The refugees' lawyers argue the East Timorese fall into a special category because they have been kept in legal limbo for a decade.
Most arrived soon after the massacre by Indonesian troops at the Santa Cruz cemetery in December 1991, and the Government issued them with open-ended visas, rather than permanent residency, because some may have been entitled to Portuguese citizenship.
But earlier this year they began receiving letters from the Immigration Department. For most, it was the first time they had heard from Immigration officials since their initial processing.
Over the past decade, they had settled into work, paying taxes, learning English and raising families.
"These people have basically become Australians," said lawyer Liz Biok, who represents the International Commission of Jurists.
"They have fitted very well into Australia, have not caused any social problems and, as any of their employers will tell you, are very hard workers."
Immigration Minister Philip Ruddock claims the East Timorese are simply being treated like any other would-be refugees from poor countries.
A spokeswoman for Mr Ruddock said the people affected were going through the application which included appeal rights.
She said the reason some of them had been in Australia for so long was that they had refused to go to Portugal, where they had dual citizenship.
Instead they had fought the Australian Government, starting under Labor, to recognise them as refugees, all the way to the High Court.
When East Timor was declared independent and their connection with Portugal was severed, the Government began processing their applications afresh, she said.
Henrique Lay, wife Maria, daughters Elizabeth and Margaret, and son Paul yesterday celebrated the eighth anniversary of their arrival in Australia. But hanging over the anniversary was the spectre of deportation.
They have received their second letter from Immigration officials, rejecting their claim for permanent refugee status.
The Lays escaped East Timor in November 1994, after Mr Lay's brother was murdered by the Indonesian special forces unit, Kopassus. Mr Lay, 58, was also arrested, then tortured so badly that his left leg was permanently disabled. He now hobbles with a cane.
Mrs Lay, 55, was assaulted in ways that are simply too traumatising for her to recall publicly.
Immediately after arriving, the Government issued them with bridging visas and work permits, although Mrs Lay's brother, an Australian citizen running a small western Sydney supermarket, initially supported them financially.
The children also enrolled at Lurnea High School for intensive English lessons and later studied at Prairiewood High.
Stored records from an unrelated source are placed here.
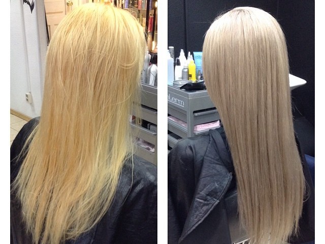 - После осветления или мелирования, чтобы выровнять цвет, восстановить и укрепить ослабленные волосы.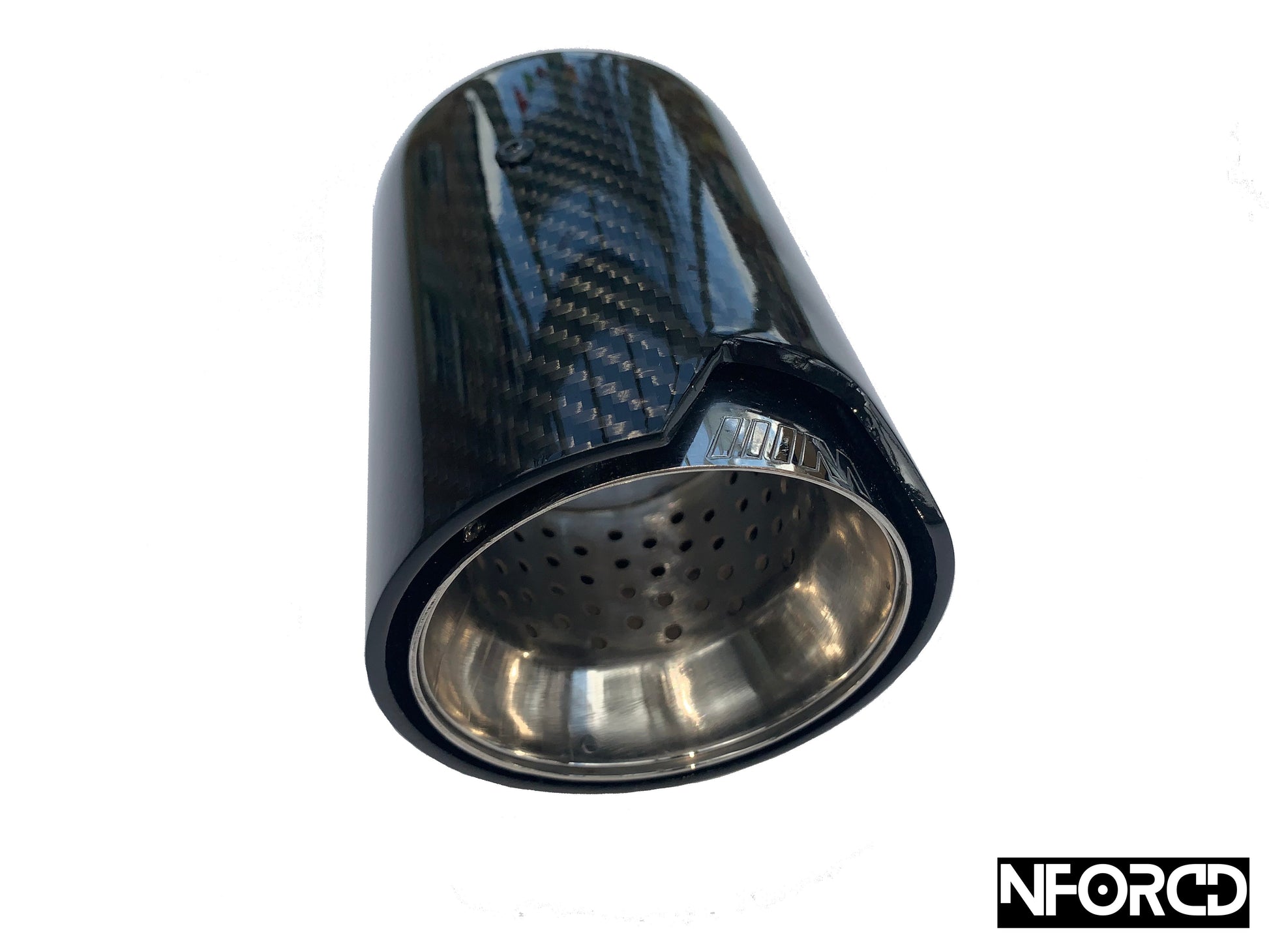 BMW tailpipe trims, carbon exhaust ends, BMW tip upgrade, slip-on tailpipe covers, carbon weave tips, silver inlet tips, BMW rear diffuser styling, quad tailpipe upgrade, performance tailpipe finishers, OEM-style tailpipe replacements, 63 mm tips, 67 mm tips, F-series BMW tips, G-series BMW tips, M look tailpipes, clamp-on exhaust tips, gloss carbon tips, forged carbon tips.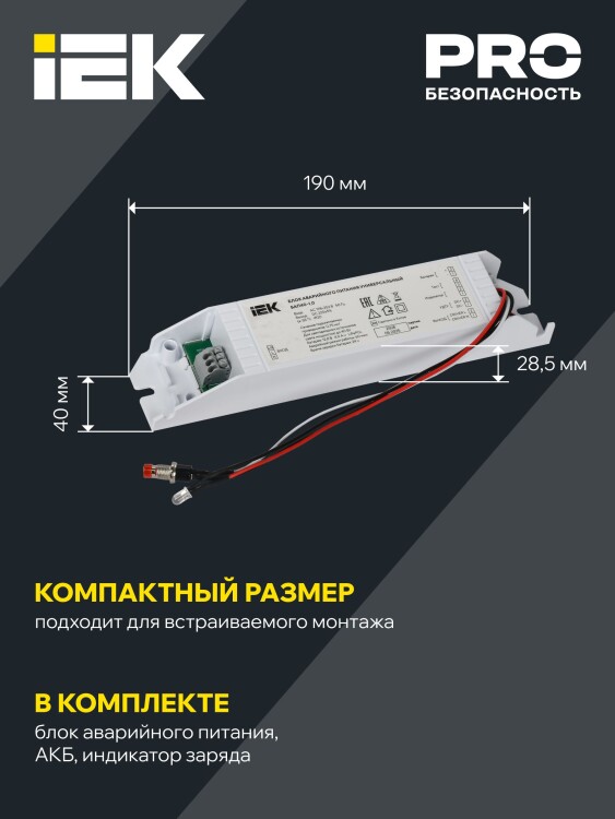 Блок аварийного питания IEK состоит из электронного пускорегулирующего аппарата (конвертера), герметичной никель-кадмиевой аккумуляторной батареи, светодиодного индикатора наличия сети и подзарядки аккумулятора с кнопкой "ТЕСТ".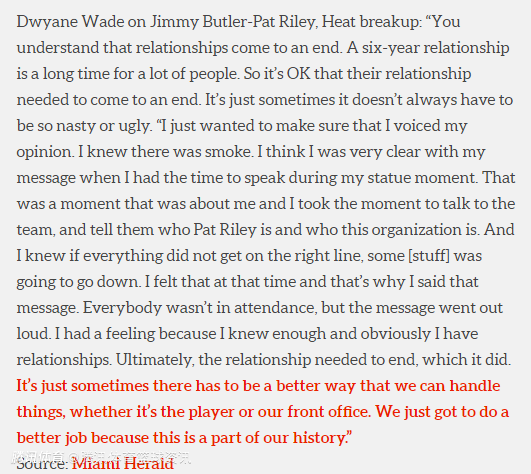 韦德评巴特勒莱利决裂:关系结束是常事 处理方式应更体面

Paul, 23, works in optical dispensing for Essilor Australia.
Elizabeth, 26, works as a kitchen hand at a Catholic nursing home in Surry Hills. Seven months ago she married another East Timorese refugee, Kian Ting Jong, 27, a fabric cutter in a clothing factory, who also faces deportation.
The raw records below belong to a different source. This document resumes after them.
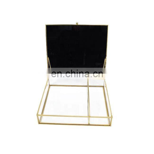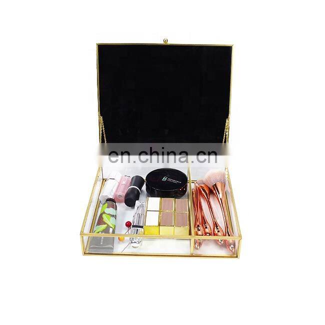 Display Cosmetic Sets Counter Organizer Glass Case Brass Frame Jewelry Box With Mirror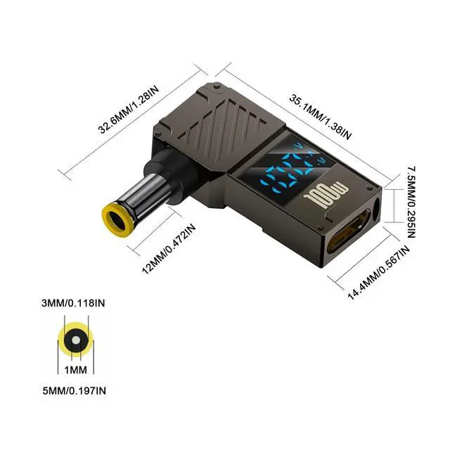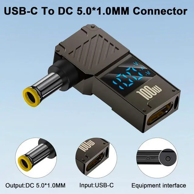 Vszerda 5.0x1.0mm DC Male Connector Jack, USB C Female to DC 5.0x1.0mm Adapter, 90 Degree 100W Output 20V 5A Power Adapter with LED Digital Display Charging Connector for Laptop, 1Pack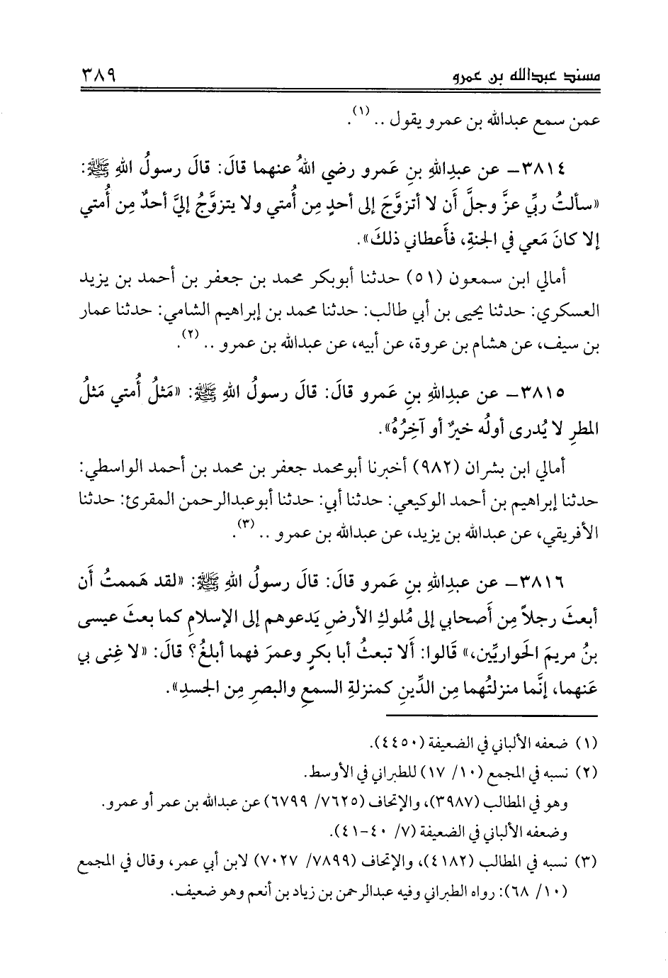 3816 - عن عبدِاللهِ بنِ عَمرو قالَ: قالَ رسولُ اللهِ صلى الله عليه وسلم: «لقد هَممتُ أَن أبعثَ رجلاً مِن أَصحابي إلى مُلوكِ الأرضِ يَدعوهم إلى الإسلامِ كما بعثَ عيسى بنُ مريمَ الحَواريِّين،» قَالوا: أَلا تبعثُ أبا بكرٍ وعمرَ فهما أبلغُ؟ قالَ: «لا غِنى بي عَنهما، إنَّما منزلتُهما مِن الدِّينِ كمنزلةِ السمعِ والبصرِ مِن الجسدِ».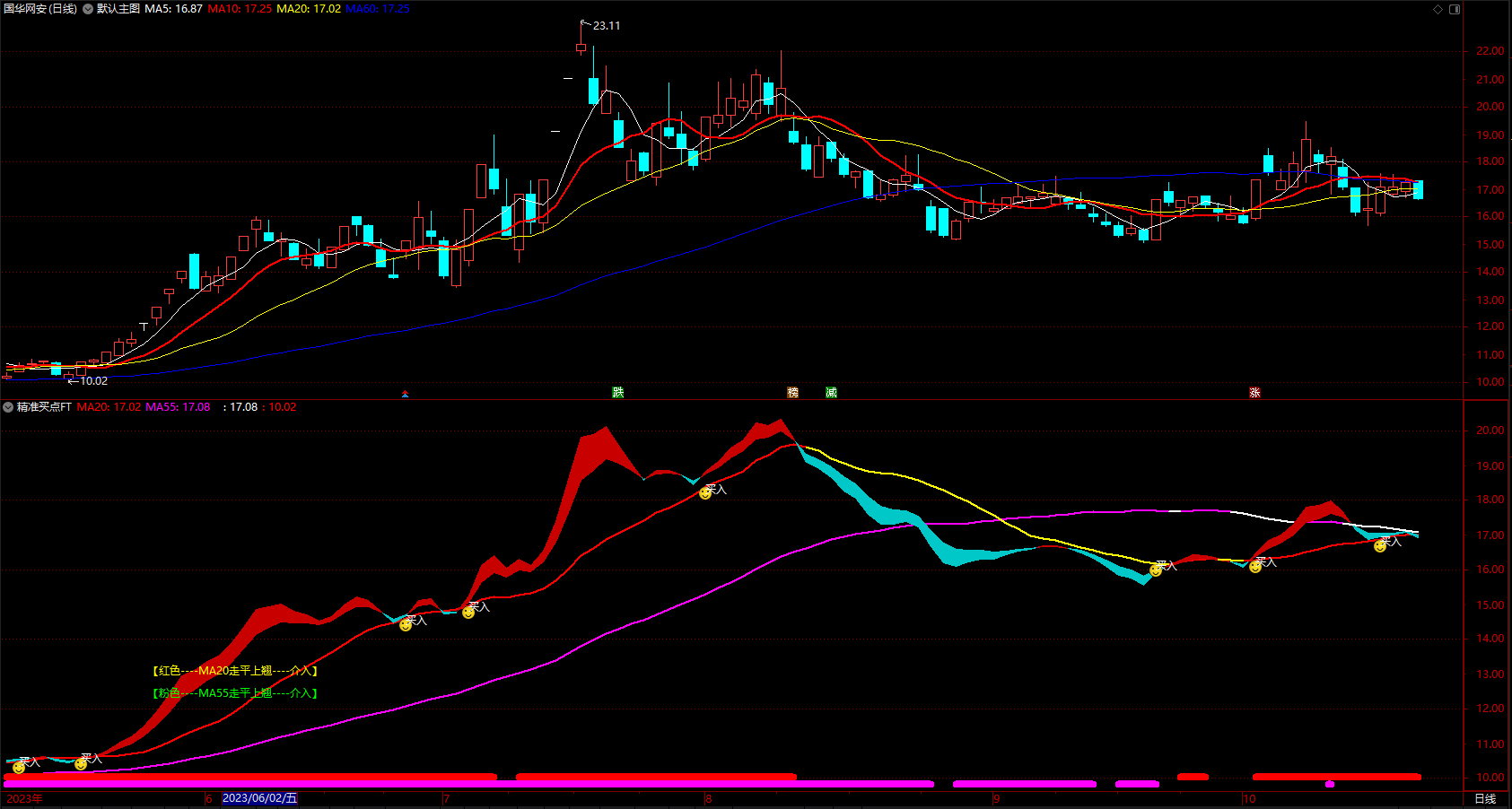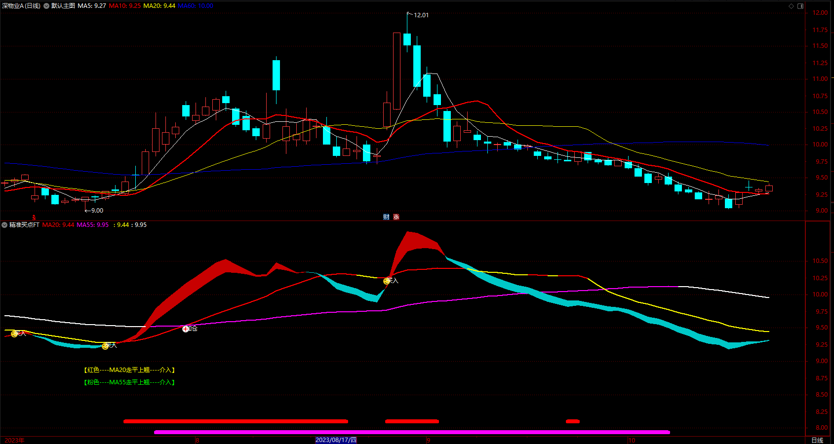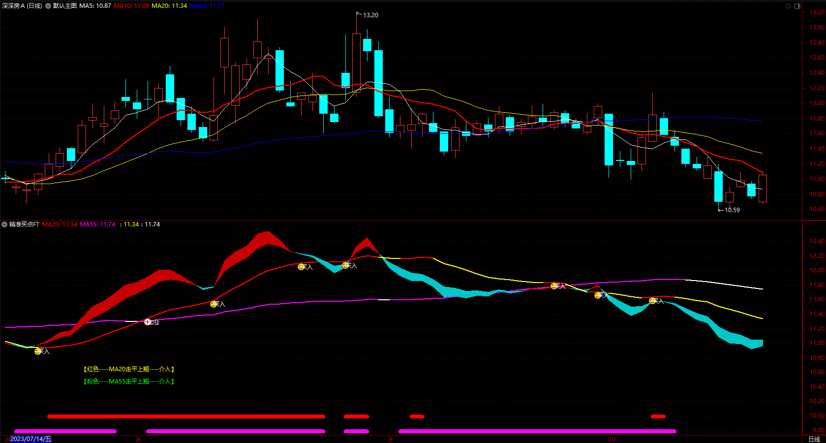 红色----MA20走平上翘----介入

The three of them help support Mr and Mrs Lay and their youngest daughter, Margaret, who attends a special school for young people with learning problems.
Most worrying for Elizabeth is that she and Kian are expecting their first child next year. They had hoped to baptise their baby at Mary Immaculate Catholic Church in Bossley Park, where the family worships weekly, and raise the child as an Australian.
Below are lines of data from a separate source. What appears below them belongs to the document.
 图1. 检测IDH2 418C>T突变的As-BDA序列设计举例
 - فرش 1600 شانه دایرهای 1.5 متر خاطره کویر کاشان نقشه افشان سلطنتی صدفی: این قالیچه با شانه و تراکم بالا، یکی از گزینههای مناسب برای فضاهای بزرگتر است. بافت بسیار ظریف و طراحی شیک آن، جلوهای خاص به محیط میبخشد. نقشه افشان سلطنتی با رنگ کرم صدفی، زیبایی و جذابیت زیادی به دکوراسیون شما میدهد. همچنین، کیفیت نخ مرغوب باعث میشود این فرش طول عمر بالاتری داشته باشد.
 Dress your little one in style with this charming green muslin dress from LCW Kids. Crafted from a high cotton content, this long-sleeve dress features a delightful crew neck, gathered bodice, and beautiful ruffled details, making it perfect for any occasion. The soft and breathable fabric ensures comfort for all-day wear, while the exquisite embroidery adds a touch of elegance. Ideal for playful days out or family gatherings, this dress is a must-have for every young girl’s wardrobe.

"It would be very hard for me to raise a baby in East Timor," Elizabeth Lay said. "There are not enough doctors and not much of a future. Australia has become our home."
Refugee advocates remain pessimistic. The Immigration Department has rejected every one of 476 cases it has so far assessed, leaving another 1,130 East Timorese with little hope.
Ms Biok said among the refugees were elderly East Timorese who had even helped Australian soldiers stationed on the island during World War II. She says the East Timorese should be treated like the Chinese students who fled to Australia in 1989 after the Tiananmen Square massacre. Former prime minister Bob Hawke issued them with a special class of visa, which the government later converted into permanent residency permits.